Byculla to Bangkok
- Cover art of the Book
- Author: Hussain Zaidi
- Cover artist: Mohsin Rizvi
- Language: English
- Genre: Non-fiction; Organized crime; Terror;
- Published: HarperCollins
- Publication place: India
- Media type: Print (paperback)
- Pages: 304 (paperback)
- ISBN: 9789351362258
- Preceded by: Dongri to Dubai

= Byculla to Bangkok =

2014 nonfiction book by S. Hussain Zaidi

Byculla to Bangkok is the second non-fiction book on organised crime and terror in the modern-day Indian metropolitan city of Mumbai written by S. Hussain Zaidi. It was first published by HarperCollins in February 2014. The book is a sequel to Dongri to Dubai. Hussain completed the story that was left unfinished in his earlier book by including the story of the "local lads" of the infamous mobster Dawood Ibrahim. The book deals primarily with three of the mobsters of Mumbai: Chota Rajan, Arun Gawli and Ashwin Naik. The film adaptation is owned by Ram Gopal Varma and Red Chillies Entertainment.

==Storyline==
Byculla to Bangkok is largely a story about Mumbai's gangsters. The book focuses on how young people were recruited and then they later went on to become mobsters of the city. Major characters in this book include are Arun Gawli, wheelchair user Ashwin Naik who was also a civil engineer of the city and an accomplished gangster, and Chhota Rajan. Chotta Rajan was earlier the deputy of Dawood, but later became his foe. The book is written with reference to police case files. Mumbai police's top officials like Vijay Salaskar, Pradeep Sharma and their squads, who are dubbed "encounter specialists", are also mentioned in the book. The writing style is racy.

==Critical reviews==
Critics argued that the prequel to the book, Dongri to Dubai, was better in terms of story. The review by Mumbai Boss said:
The difference is Zaidi’s sensational style of writing that’s more suited to a cheap potboiler.
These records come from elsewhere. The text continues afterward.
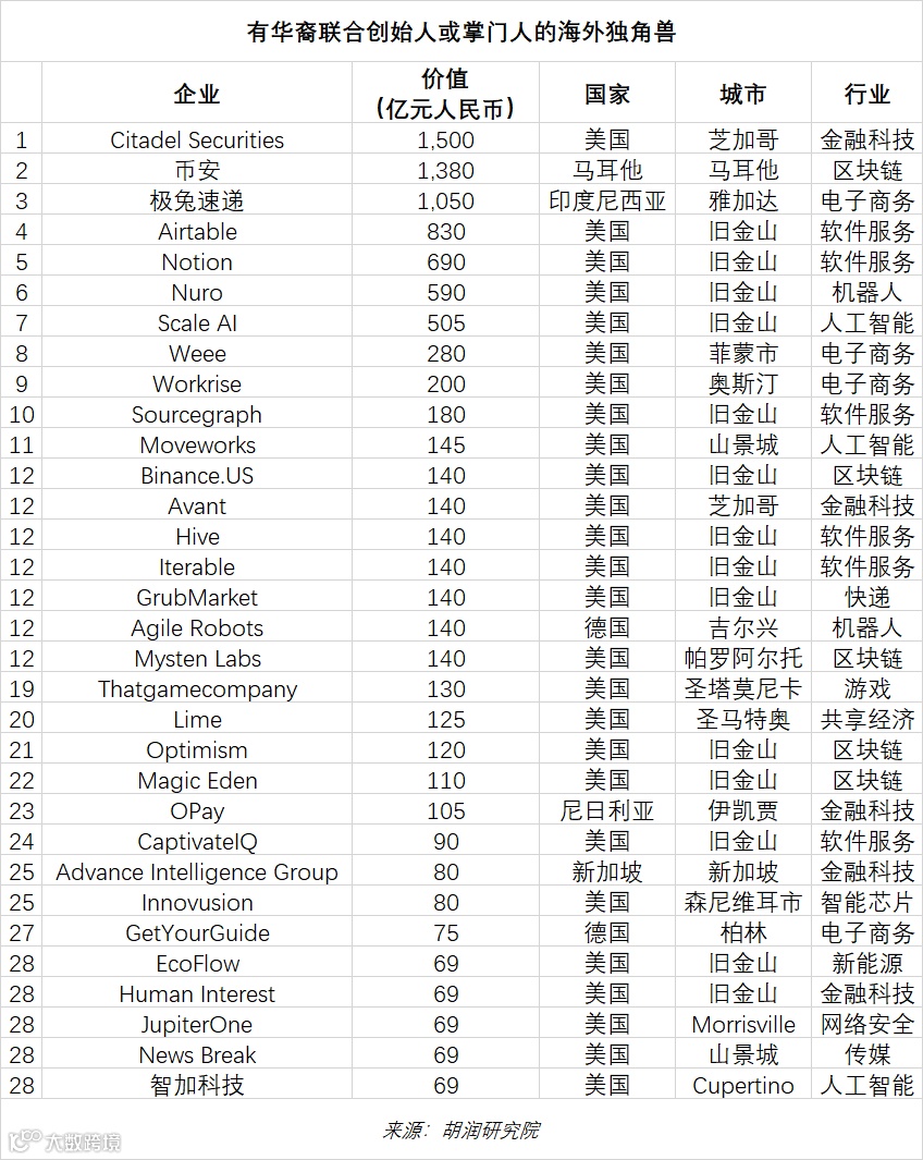 附录2:有华裔联合创始人或掌门人的海外独角兽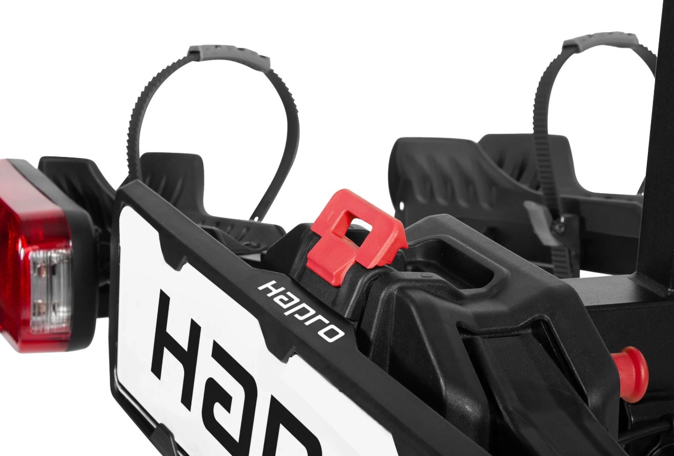 De Hapro Atlas SmartFold is voorzien van het eenvoudige ‘Easy-Grip’ bevestigingssysteem. Na het plaatsen op de trekhaak blijft de drager stabiel ‘hangen’ in de geplaatste positie. Hierdoor is het zeer eenvoudig om de drager verder te monteren en af te stellen door middel van de draaiknop en hendel. Het bevestigingssysteem is voorzien van een slot voor diefstalpreventie.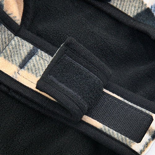 -. Feature : STAY WARM WHILE STAYING IN FASHION: Soft 'n' snuggly to the touch in a cute retro-chic design. After all, your animal companion deserves to stay warm and look good doing it! / VERSATILITY MEANS INCREASED UTILITY: Windproof comfort is easily stowable but robust enough for warmth. Tired of the plaid or camouflage? Then turn inside-out for a solid color! / JUST THE RIGHT HEFT: Not too heavy, it's easy to put on or take off and won't restrict even rigorous physical movement. / EASY-PEASY SUPER-FLEECY: Adjustable chest and belly straps secured by velcro make this convenient to put on or take off. Handy leash hole makes for additional ease. / EQUAL OPPORTUNITY WARMTH: Also good for cats and even rabbits, too! In all cases, please consult our sizing chart for the appropriate fit.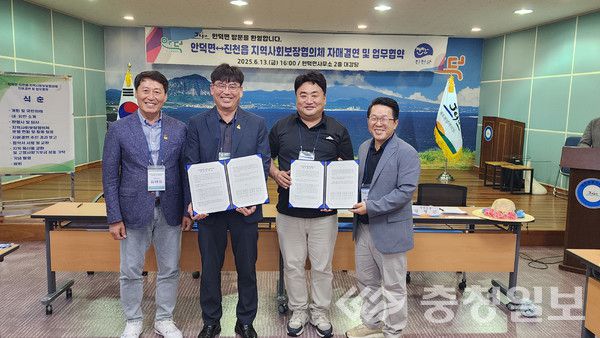 충북 진천군 진천읍 지역사회보장협의체(공공위원장 임병곤, 민간위원장 송석현)와 제주도 서귀포시 안덕면 지역사회보장협의체(공공위원장 김태유, 민간위원장 양상택)는 지난 13일 안덕면 행정복지센터에서 업무협약을 체결했다.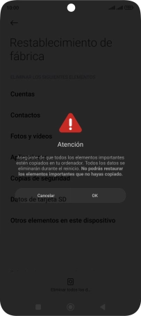 Pulsa OK. Espera unos instantes mientras el teléfono restablece la configuración predeterminada. Sigue las indicaciones de la pantalla para configurar el teléfono y dejarlo listo para su uso.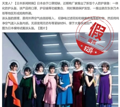最近有音讯称:“日本有厂家推出了一体化防护头盔,该产品将口罩、护目镜等功能调集,一起统筹维护发型。”传言还配了一张日本模特试戴该头盔的图片。通过查验,这是条假音讯。较真检索了揭露报导,无论是日本干流媒体,仍是交际网络,都并未有日本厂家推出防护头盔的音讯。别的,配图也并非“日本模特正在试戴该头盔”,而是日本女子偶像组合“乃木坂46”第25张单曲《美好的维护色》的封面之一。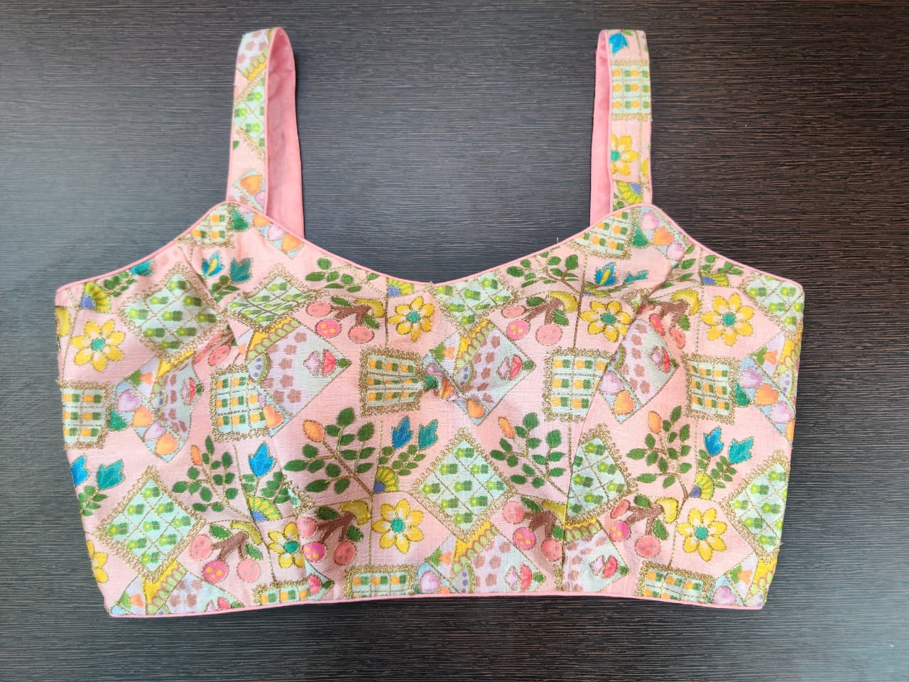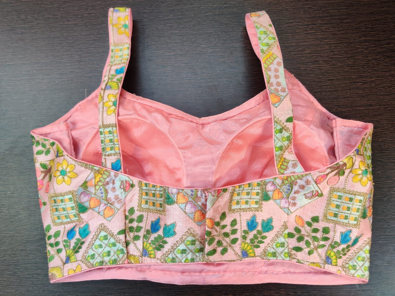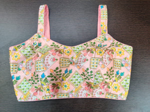 Stunning light pink printed strappy sari blouse . Buy designer blouse in USA from Pure Elegance.
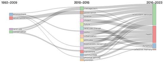 Topic evaluation can aid in understanding how knowledge is transferred across research domains and encourages researchers to identify trends for future studies []. We determined the dynamic development of research topics using Bibliometrix and VOSviewer to analyse and visualise the results, respectively. Based on the annual publishing distributions, we separated the period into three: subperiod one, 1992–2009; subperiod two, 2010–2015; and subperiod three, 2016–present, to help elucidate the trend. The subtle thematic development of these three subperiods is shown in the Sankey diagram (Figure 7). By combining systematic analysis and data visualisation, we found that early research on landscape planning and human well-being mainly focused on large-scale assets such as national parks [,] and protected areas []. Publications in this field rose in subperiod two along with the release of significant policy documents, such as the ELC, and a few global environmental concerns, such as urbanisation and environmental degradation. As subperiod three ended, ecosystem services began to receive more attention, which led to their emergence as crucial content when considering landscape planning, as discussed in Section 3.2.2.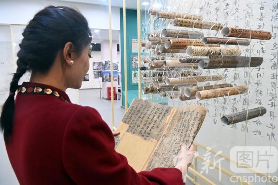 3月14日,敦煌研究院敦煌文獻(xiàn)研究所所長(zhǎng)趙曉星接受中新社記者專訪介紹稱,全彩印《敦煌文獻(xiàn)全集》出版工作已正式啟動(dòng),該叢書(shū)采用全彩印的方式刊布敦煌文獻(xiàn),實(shí)現(xiàn)敦煌文獻(xiàn)在線下圖錄中的高清還原。敦煌文獻(xiàn),又稱敦煌遺書(shū),是指1900年在甘肅敦煌莫高窟藏經(jīng)洞發(fā)現(xiàn)的公元4世紀(jì)至11世紀(jì)的寫(xiě)本、印本和拓片等文獻(xiàn)。據(jù)最新統(tǒng)計(jì)顯示,其總數(shù)近7萬(wàn)件。目前這些文獻(xiàn)分藏于中、英、法、俄、日等國(guó)的數(shù)十家收藏機(jī)構(gòu),一直缺乏完整的聯(lián)合目錄。圖為3月3日,工作人員在敦煌藝術(shù)館卷軸墻前閱覽敦煌遺書(shū)影印品。 中新社記者 九美旦增 攝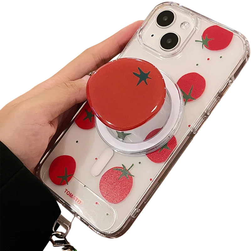 Supporto magnetico per telefono per iPhone 15 Supporto di design con motivo pomodoro Forte fissaggio magnetico su tavolo e a casa

The book has more clichés than a magazine of bullets. For example, "The night always seems eerier in the wilderness than in the city. Especially if death is in the air" and "Men would kill to possess her. But it seemed that those who made love to her were destined for certain death." And yet it somehow matches the personalities Zaidi profiles.

MPositive described it as "alternately spine-chilling and moving".